2 min read AI-generated

OpenAI Preparing Legal Action Against Apple — The Siri Deal Turned Sour

Copy article as Markdown

The ChatGPT integration in Siri didn't deliver what OpenAI expected. Now lawyers are working on possible steps against Apple.

Featured image for "OpenAI Preparing Legal Action Against Apple — The Siri Deal Turned Sour"

The partnership between OpenAI and Apple was one of the big promises of WWDC 2024: ChatGPT baked into Siri, Visual Intelligence, everywhere on the iPhone. Billions in new subscribers were supposed to follow. Two years later, reality looks very different — and OpenAI is reaching for legal tools.

What happened

According to Bloomberg, OpenAI has hired an outside law firm to explore legal options against Apple. A formal breach-of-contract notice is on the table, possibly even a lawsuit.
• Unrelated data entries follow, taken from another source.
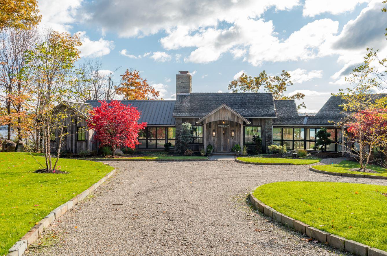 For this home located in Snedens Landing on the Hudson River, JLF Architects and builders Big-D Signature took cues from the surrounding landscape with a linear layout that naturally follows the bluff-top to make the most of its river vantage point without disturbing the wooded environment. This included a naturalistic gravel driveway outlined with stone that follows the curved yard landscaping to enhance the home’s understated rural cottage aesthetic.
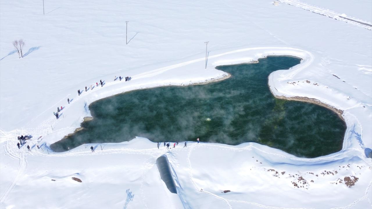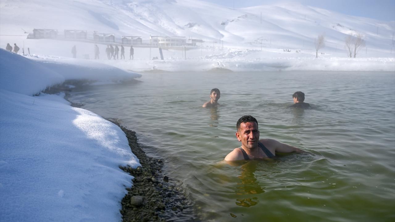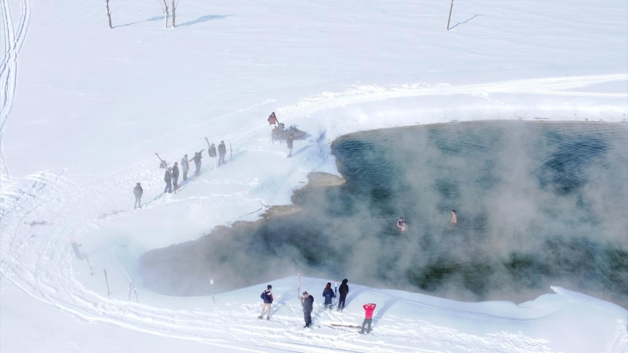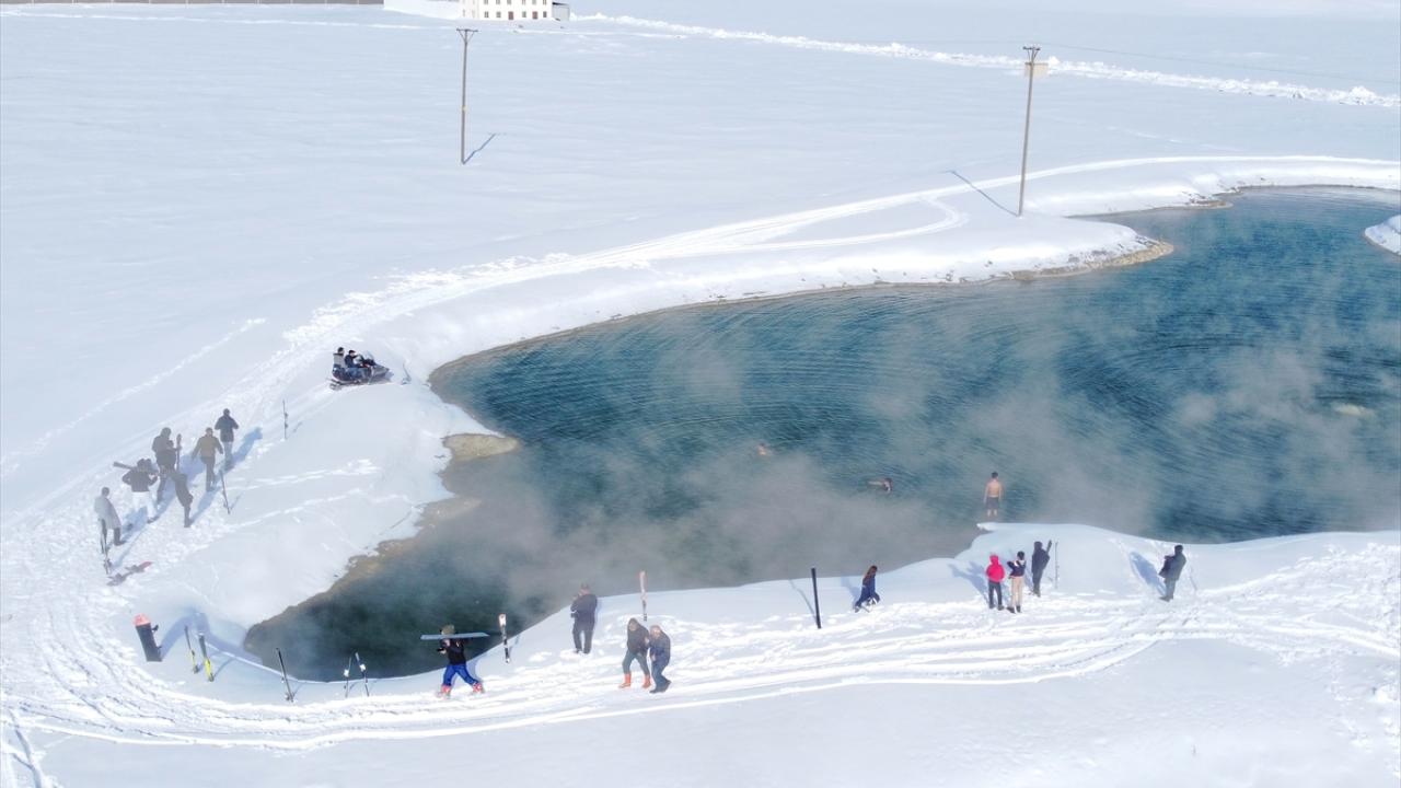 Hava sıcaklığının çoğu zaman sıfırın altında seyrettiğini anlatan Bedircan, "Hava soğuk olsa bile termal su çok sıcak. Keyifli oluyor. Suyun içindeyken dışarıdaki soğuğu hissetmiyoruz." dedi.
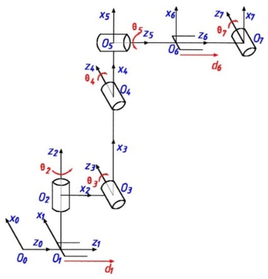 The base of the robot is connected to the pedestal through joint #1, which makes the robot capable of moving as a whole in the direction of the axis of the sprayed workpiece to realize the spraying of the whole surface of the sprayed workpiece. The base is connected to the waist through joint #2, which controls the robot’s swing in the lateral direction. The waist is connected to the main arm through joint #3, and the main arm is connected to the forearm through joint #4. Joints #3 and #4 are two rotation joints with their axes parallel and which control the angle of pitch of the main arm and forearm respectively. Joint #5 on the forearm controls the rotational movement of the forearm around its own axis. Joint #6 controls the telescopic movement of the forearm, which can increase its working space and flexibility without increasing the size of the robot. The spray gun is installed at the terminal of the forearm, and the direction of the spray gun is the same as the axis , so joint #7 can control the angle between the pointing direction of the spray gun and the axis of the forearm. Joints #5 and #7 are two rotation joints with axes perpendicular to each other, which can ensure that the spray gun points in any direction in the space.

The core issue: OpenAI says the ChatGPT integration in iOS is buried, hard to find, and revenue is nowhere near projections.

One OpenAI executive told Bloomberg that Apple essentially asked them to take a ‘leap of faith.’ It didn’t work out well.

Apple’s side

Apple apparently has its own complaints. Concerns about OpenAI’s privacy standards are part of the picture — and the fact that OpenAI is building its own hardware with former Apple executives, including Jony Ive, probably doesn’t sit well in Cupertino either.

Why this matters

This story follows a pattern that Apple partners know well: Google Maps got kicked off the iPhone in 2012, Adobe Flash was blocked, Spotify was disadvantaged in the App Store for years. If you build on Apple’s platform, you’re always just a guest.
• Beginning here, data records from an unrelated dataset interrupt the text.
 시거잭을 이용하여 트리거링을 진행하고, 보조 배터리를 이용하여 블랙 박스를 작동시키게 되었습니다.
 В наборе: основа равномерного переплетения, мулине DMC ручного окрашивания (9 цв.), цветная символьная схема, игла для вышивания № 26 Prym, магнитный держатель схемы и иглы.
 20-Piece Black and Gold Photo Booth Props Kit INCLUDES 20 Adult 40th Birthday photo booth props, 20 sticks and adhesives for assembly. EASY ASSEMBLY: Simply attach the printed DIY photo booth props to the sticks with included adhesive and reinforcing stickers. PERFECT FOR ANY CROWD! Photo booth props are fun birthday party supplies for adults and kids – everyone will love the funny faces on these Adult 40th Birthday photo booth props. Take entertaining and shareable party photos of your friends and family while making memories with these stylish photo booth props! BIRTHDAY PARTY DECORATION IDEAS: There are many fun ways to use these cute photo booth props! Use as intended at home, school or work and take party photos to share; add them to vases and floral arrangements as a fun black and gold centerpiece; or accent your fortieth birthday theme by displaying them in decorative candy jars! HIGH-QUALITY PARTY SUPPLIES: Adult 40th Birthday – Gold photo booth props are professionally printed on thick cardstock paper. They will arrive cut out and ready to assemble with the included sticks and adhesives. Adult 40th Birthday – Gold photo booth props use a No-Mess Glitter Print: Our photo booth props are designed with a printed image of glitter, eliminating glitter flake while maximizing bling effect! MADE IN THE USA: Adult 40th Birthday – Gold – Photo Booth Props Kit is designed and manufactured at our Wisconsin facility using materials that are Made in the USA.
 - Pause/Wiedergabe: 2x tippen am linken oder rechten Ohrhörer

For the AI industry, the signal is clear: the big platform deals of the last two years don’t automatically deliver what everyone hoped for. OpenAI is simultaneously tangling with Apple, with Musk (trial ongoing), and with Microsoft (tensions ahead of the IPO). That’s a lot of fronts for a company trying to change the world.

Also worth noting: Apple has since chosen Google as its AI infrastructure partner — Gemini models will power the next generation of Apple Intelligence. For roughly a billion dollars a year. So OpenAI wasn’t just disappointed — it was replaced.